The warranty conditions of the respective products are stated on the website and in all offers.
(3) Subsequent changes or adjustments to the performance owed by EVODROP shall not be permitted, provided they are customary in the trade or technically necessary and do not unreasonably burden the customer.
§5 Delivery time; delivery period; force majeure
(1) Unless otherwise agreed in individual cases, delivery periods are approximate. EVODROP shall announce the actual delivery date in writing with a reasonable lead time, usually two weeks. The actual delivery date shall be announced by EVODROP with a reasonable lead time.
(2) The start of a delivery period requires the clarification of all technical questions. The delivery period shall not commence before the customer has fulfilled his obligations to cooperate in this respect. The customer's duty to cooperate shall consist in particular of consultation with the installer who is to carry out the installation. If necessary, this also includes clarification with the landlord if structural measures are required or if the rental agreement so requires.
(3) An agreed delivery period shall not commence if the customer has agreed an advance performance obligation, such as the payment of a deposit, before the customer has fulfilled the advance performance obligations incumbent upon him.
(4) EVODROP shall be entitled to the defense of non-performance of the contract.
(5) An agreed delivery period is subject to complete and timely delivery by our contractual partners (reservation of self-supply).

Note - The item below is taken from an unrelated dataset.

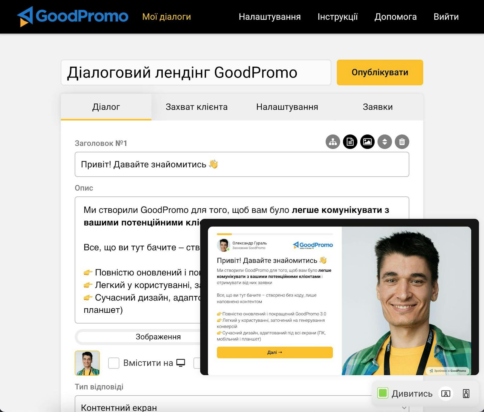 Вам не треба бути програмістом, веб-дизайнером чи SEO-спеціалістом. З GoodPromo ви робите легкі налаштування під себе і створюєте презентабельний лендінг!
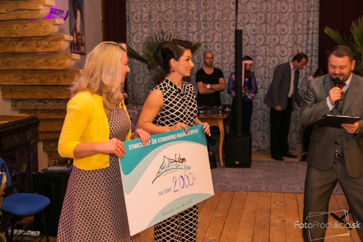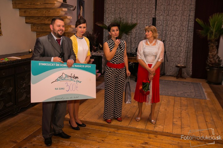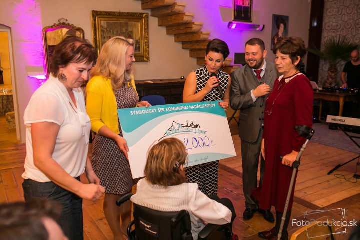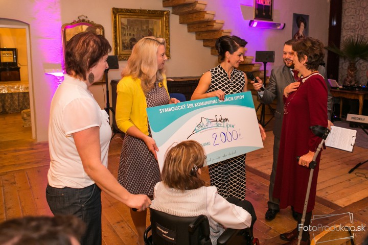 Komunitná nadácia v tento večer venovala symbolický šek v hodnote 2.000 EUR Klubu sklerózy multiplex Liptovský Mikuláš na podporu rehabilitačného pobytu členom klubu v Dudinciach.

(6) The delivery period shall be reasonably extended in the event of force majeure, in particular, but not exclusively, due to floods, natural disasters, shortage of raw materials, terrorist attacks, strikes. EVODROP shall immediately inform the customer about the existence of force majeure and the expected end of this circumstance. If the force majeure situation lasts for more than six weeks without interruption or if the delivery date is delayed by more than eight weeks in total due to force majeure, the customer shall be entitled to terminate the contract. In the event of force majeure, the assertion of further claims is excluded.
(7) We are prepared to make partial deliveries, provided this is not unreasonable for the customer.
§6 Transfer of risk
(1) The risk of accidental loss shall pass upon handover to the customer, its carrier or a third party designated by the customer ex works Ermatingen (Thurgau) (Incoterms 2010 ex works).
(2) If the customer does not accept the goods declared ready for delivery at the time of delivery (§ 5), the risk of accidental loss shall pass to the customer at the time of delivery.
§7 Default of acceptance; damage caused by delay
(1) If the customer does not accept the goods on time or is otherwise in default of acceptance, the customer shall owe EVODROP an amount of 0.5% of the order value or the value of the partial delivery per week or part thereof, but not more than a total of 5% of the order value or the value of the partial delivery as compensation. In individual orders, EVODROP AG reserves the right to include contractual penalties in the contract that are proportionate to the volume of the order.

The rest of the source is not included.